The province has come under fire for not having predicted earlier just how bad this year's floods would get. On Wednesday, experts continued to ratchet up their predictions on how high river levels will go, when they'll crest and how long they'll stay there. And officials prepared to take the unprecedented step of punching a hole in a dike at Hoop and Holler Bend, purposely creating a mini-flood they hope will stave off the threat of a massive one - a plan whose timing they continued to revise Wednesday evening.

Mr. Warkentin, a former high-school teacher who has 40 years of flood-forecasting under his belt and designed the province's prediction system, says he wasn't surprised that he was asked to help, only that it took so long for the call to come.

"It should have come a lot earlier," he said. "I thought it should have come a month ago. But I guess things got a bit hot lately. … There's problems, there's serious problems."

Mr. Warkentin handed the reins to protégé Phillip Mutulu after guiding Manitoba through decades of deluges. But he says he made himself available to help out heading into what looked like record-breaking conditions. "You've got a big flood potential across all of Manitoba; you'd think that a relatively new staff could use some help. But, you know, that wasn't my decision."

So far, Mr. Warkentin said, he's been helping with analysis and assessing the rainstorm and Assiniboine River levels - "giving, I guess, advice and sober second thought to the department."

He wouldn't say what he's being paid or what he thinks of the province's forecasting and flood-fighting efforts so far.

Manitoba called on him as it pulled out all the stops in its efforts to combat a once-in-three-centuries flood, says Emergency Measures Minister Steve Ashton.

"In the last few weeks, with the changing dynamic and the shifting dimension [of the flood] we've stepped up not only our flood preparation but the human side of it as well," he said in an interview Wednesday, adding that they're trying to mobilize "a bit of an army" of retired engineers. "[Mr. Warkentin's]kind of expertise is going to be very important," he said.

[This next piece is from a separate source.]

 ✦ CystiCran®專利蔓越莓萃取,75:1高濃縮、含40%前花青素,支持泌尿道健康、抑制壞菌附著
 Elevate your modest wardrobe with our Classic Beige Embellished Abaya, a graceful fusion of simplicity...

But that wasn't expertise they thought they needed as little as a week ago, he said. After better-than-expected weather during the Red River flooding, the province was prepared for Assiniboine floods approaching 1976 levels. "We're way beyond a '76 flood now," Mr. Ashton said. "But the real indication it was going to hit this historical level has really come in the last week or two. And last weekend is probably where it really crystallized."

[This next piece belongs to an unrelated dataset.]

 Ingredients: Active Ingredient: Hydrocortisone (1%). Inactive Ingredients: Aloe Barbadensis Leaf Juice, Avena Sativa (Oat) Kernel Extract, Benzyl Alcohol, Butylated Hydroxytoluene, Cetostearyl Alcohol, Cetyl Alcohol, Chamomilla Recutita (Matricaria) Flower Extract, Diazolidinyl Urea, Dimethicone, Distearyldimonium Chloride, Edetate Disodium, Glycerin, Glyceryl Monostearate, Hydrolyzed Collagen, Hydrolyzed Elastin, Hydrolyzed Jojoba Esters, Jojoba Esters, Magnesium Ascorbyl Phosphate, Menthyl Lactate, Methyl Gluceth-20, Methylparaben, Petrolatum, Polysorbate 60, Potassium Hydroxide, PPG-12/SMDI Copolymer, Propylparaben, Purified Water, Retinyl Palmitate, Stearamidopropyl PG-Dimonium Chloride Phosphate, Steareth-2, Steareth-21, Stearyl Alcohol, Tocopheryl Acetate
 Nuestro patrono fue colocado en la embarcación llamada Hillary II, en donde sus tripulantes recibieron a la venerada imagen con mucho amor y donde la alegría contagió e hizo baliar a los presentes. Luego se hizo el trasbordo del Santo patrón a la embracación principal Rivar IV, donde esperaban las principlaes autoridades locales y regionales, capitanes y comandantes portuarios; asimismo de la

After the flood, there'll be a review to see what could have gone better - both in terms of preparation and response. But Mr. Ashton said officials did their best with the tools available. "You can go back retroactively and you've got 20/20 hindsight. … It's a lot tougher on the forecasting side."

Since major flooding in 2009, Manitoba has upped its forecasting resources, increasing the number of monitoring stations throughout the province.

"I can't say enough about how much effort goes into that, how much we've expanded resources," Mr. Ashton said. "But when you're dealing with an unprecedented flooding situation you just don't have the comparators."

In the meantime, the province is scrambling to respond to record-breaking water levels. It continued to alter plans late Wednesday on precisely when it will open a weir in the dike, releasing more than 2,000 cubic feet of water a second into the surrounding area. While the province had originally said it would open the weir at 8 a.m. Thursday, on Wednesday evening that timing was pushed back to afternoon Thursday.

Amid the confusion, residents in the 225-square-kilometre area were bracing for a flow of water whose course the province admits it can't predict or fully control. About 1,000 troops have amassed around Manitoba to assist in flood prevention and mitigation.

Prime Minister Stephen Harper toured flood-hit areas with Premier Greg Sellinger Wednesday; the province is hoping the federal government will kick in some cash toward a special compensation program for those affected by the controlled release.

As for Mr. Warkentin, despite his eagerness to chip in, he insisted he doesn't want his old job back.

"I'm not taking over or anything," he said. "I'm just helping out with a bit of a crisis that's occurring here."